Against the Drowning Noise of Other Words, CCXI: "beach party and booms"
written in response to The New Yorker, July 28, 2025: Israel’s Zones of Denial
Amid national euphoria over the bombing of Iran—and the largely ignored devastation in Gaza—a question lurks: What is the country becoming?
FYI: Tel Aviv ranks among world's top ten beach cities (and party cities) in new National Geographic poll
And here are relevant excerpts and remarks taken from The New Yorker, July 28, 2025: "Israel’s Zones of Denial:"
When we go to the beach, you can hear the booms from Gaza. When you eat a lollipop or an ice cream, you hear things being blown up... Not only is reality horrible, you also don’t know what the real story is.
Etgar Keret, Israeli writer and Tel Aviv liberal
What we are doing in Gaza now is a war of devastation: indiscriminate, limitless, cruel and criminal killing of civilians.
-- Ehud Olmert, former Israeli Prime Minister.
... the war in Gaza has produced a people “who have lost everything and feel only humiliation and abandonment—and despise hypocritical Western moralism. This will feed future militants, and how they behave will be shaped by old grievances and new technologies—which Israel masters today, but they could master, too.” In the familiar pattern, today’s resolution is tomorrow’s tinderbox.
-- Malley Agha, who was once a peace negotiator for the Palestine Liberation Organization.
Haaretz, July 31: The Victim Identity Israel Built Over Generations Now Fuels Its Denial of Genocide in Gaza
Genocide does not require a single, explicit directive; rather, it's the result of a process in which rhetoric, policy, political discourse, collective dehumanization and repeated patterns of action converge into mass acts of destruction.
But the saddest chapter in Israel's increasing tendency to deny the genocide in Gaza is reserved for Yad Vashem, The Holocaust Martyrs' and Heroes' Remembrance Authority. The historians who work there and devote days on end to investigating the events of the Holocaust are choosing to silence their mouths and pens when it comes to the horrors of Gaza. In light of the flood of statements at the beginning of the war by Israeli politicians calling for mass killings there, a group of local scholars turned to Yad Vashem chairman Dani Dayan and requested that the institution publish a public condemnation of the declarations, specifically those calling for genocide. But in January 2024 Dayan replied to Prof. Amos Goldberg, who initiated the move: "The six million Jews who were murdered in the Shoah are entitled to an institution that deals with them and with them alone. Therefore, Yad Vashem doesn't deal with genocide as such but only with its interface with the Shoah… Our area of activity is the Shoah, and only the Shoah."
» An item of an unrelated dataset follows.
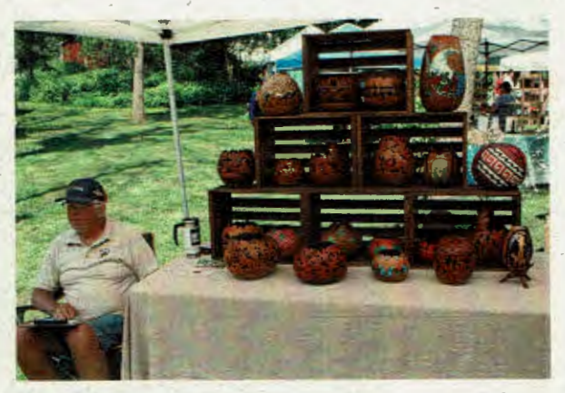
Fine Craft Display

The comments written by the Yad Vashem chairman are unsettling not only because of his silence, but also because his words are wrapped in a cloak of ostensible institutional integrity, while turning an arrogant back to the sense of historic responsibility that is supposed to inform the memorialization of the Holocaust. "Six million Jews are entitled to an institution that deals with them alone," writes Dayan – suggesting an exclusivity of the memory of murdered Jews as an excuse for hardheartedness, for closing one's eyes and maintaining silence in the face of ongoing war crimes and tens of thousands of slaughtered and starved people. All part of the terrible crime being perpetrated by the descendants of another genocide, the Shoah, among others.
Wasn't the murder of six million Jews also enabled due to many around the world washing away responsibility? Yad Vashem's entrenchment in the claim that their expertise are limited to the Holocaust is an act of moral bankruptcy, of disavowal of responsibility based on institutional convenience and the ideological adoption of a governmental policy responsible for horrific war crimes. It is a dire betrayal of the values of liberty, justice and the sanctity of human life, which the memory of the Holocaust is supposed to teach us.
For the past three generations Israel has been constructing an identity of victimhood, ranging from acts perpetrated during the Holocaust to those of Hamas on October 7. It denies its own crimes and is therefore living in a permanently distorted reality. Any attempt to speak about Israel's crimes against the Palestinians is seen as a threat not only to the image of the nation but to its very survival. The defensive narrative has become foundational to Israel's national identity, and any criticism of this narrative is met with the kind of institutional and public violence we are witnessing today
And Haaretz, July 31: Americans Should Ask Not Only What War Has Done to Gaza, but Also What It's Done to Israel
Israeli TV debates have shown just how far the local media is willing to go to look away from Gaza. Since the war began, Israeli audiences have largely been shielded from the reality of Gaza's devastation. It's not just censorship – it's that most Israelis would rather not know.